Да, этот бродяга был как зверь, как волк без стаи или барсук: свою нору по жизни он в одиночку рыл.

Тот же стоял перед ним и ухмылялся во всю рожу. А она, обветренная, черная, вся грязью, бородою заросла, скрывала лик истинный его. И не поймешь его, то ли он русский, то ли татарин. Его выдавала только копна волос соломенного цвета, взлохмачена была, давно не ведала она ни ножниц, ни ножа.

— Кто же ты таков и откуда будешь? — спросил Федька его.

— Шатунец — мое прозвание! — похваляясь, произнес тот и оскалился зубами. — Мне лес — что отец, а темная ноченька, как родная доченька!

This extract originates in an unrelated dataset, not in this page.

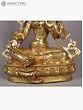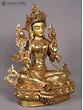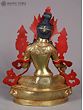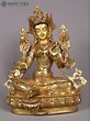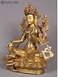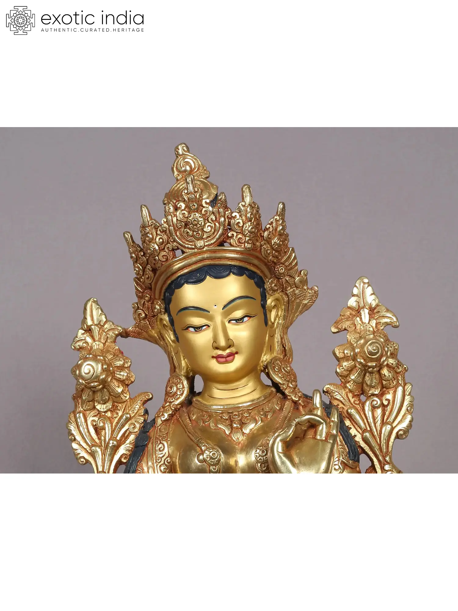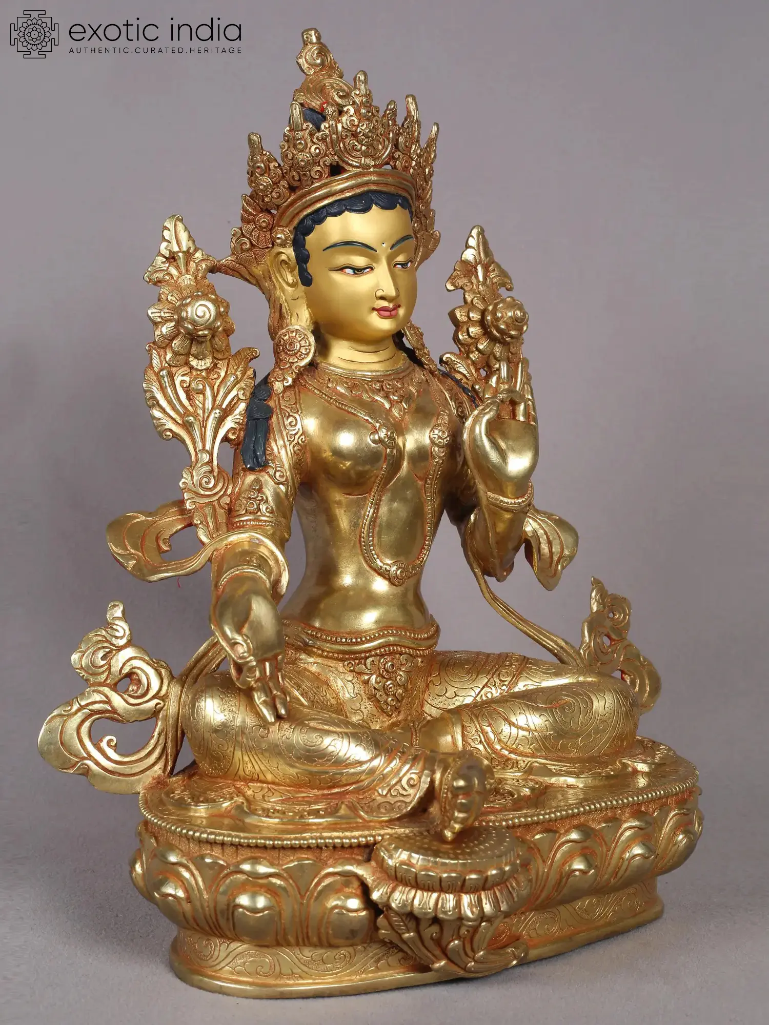 Tara's right hand is extended in the Varada Mudra, a gesture of giving and granting sublime realizations. Her left hand is positioned with all fingers extended upward, except for her ring finger, which touches the tip of her thumb, known as the Vitarka Mudra. This mudra can represent the Three Jewels (Sangha, Dharma, Buddha) or the act of giving refuge.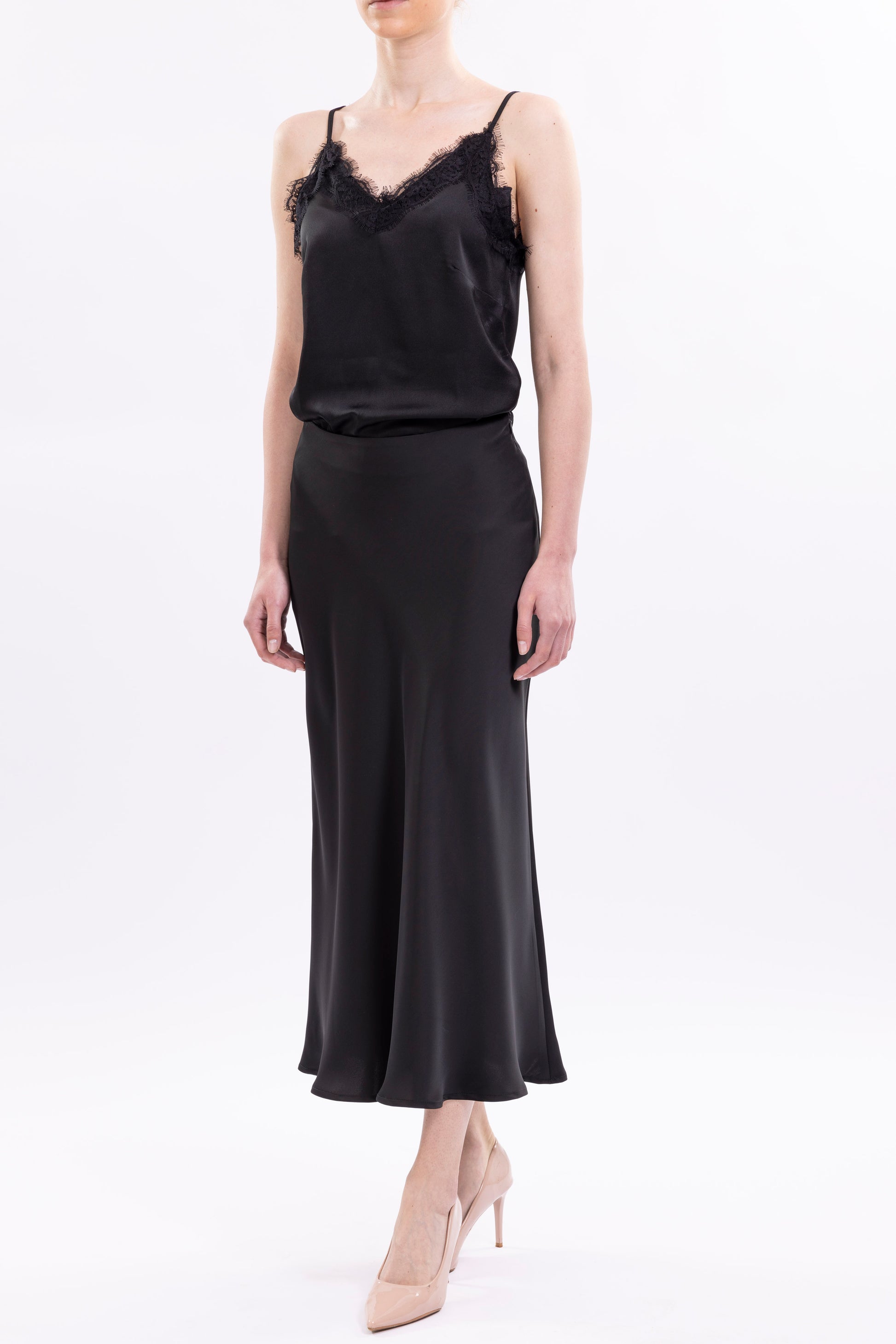 Satin Camisole Top Spaghetti Shoulder Straps, Lace-Trimmed V-Neck

— Ну что же садись, Шатунец! — похлопал Федька ладошкой по доскам дощаника рядом с собой. — Садись, садись!.. Вон ты как высох на дороге-то, — заметил он его подтянутые щеки.

Незнакомец сел по-татарски, на ноги, достал холщовый мешочек из-за пазухи, развязал его, подцепил щепотку измельченного табака и сунул его в нос, чихнул… И так, что слезы покатились по щекам, и он блаженно растянул в улыбке рот, утерся ладошкой. Спрятав мешочек опять за пазуху, он взглянул на Федьку влажными веселыми глазами, прозрачными, как у младенца.

— Ну, слушаю тебя, боярский сын!

Федька недоуменно уставился на него.

— Кто это тебе сказал, что я боярский сын? — повел он косо глазом на своих казаков, выискивая средь них неявных болтунов.

А бродяга загадочно молчал, переживал счастливую минуту. Затем он ткнул корявым пальцем в Федьку.

— По Енисейску помню тебя! Ведь ты же был там, у Уварова, когда заложили Ваньку Похабова! Ха-ха! — и осветился весь он изнутри, как вор, поймавший вора.

— A-а, так ты с Похабовым таскался, должно быть, по Байкалу! И не иначе сбежал от него! Хм!.. Ты знаешь, что волен я тебя, по воеводскому наказу, заковать в цепь и на расправу отвезти! Вот будет тебе тогда: ха-ха! — передразнил Федька его, не двигаясь с места, разомлев под солнцем, и зная, что тот не сбежит никуда от него.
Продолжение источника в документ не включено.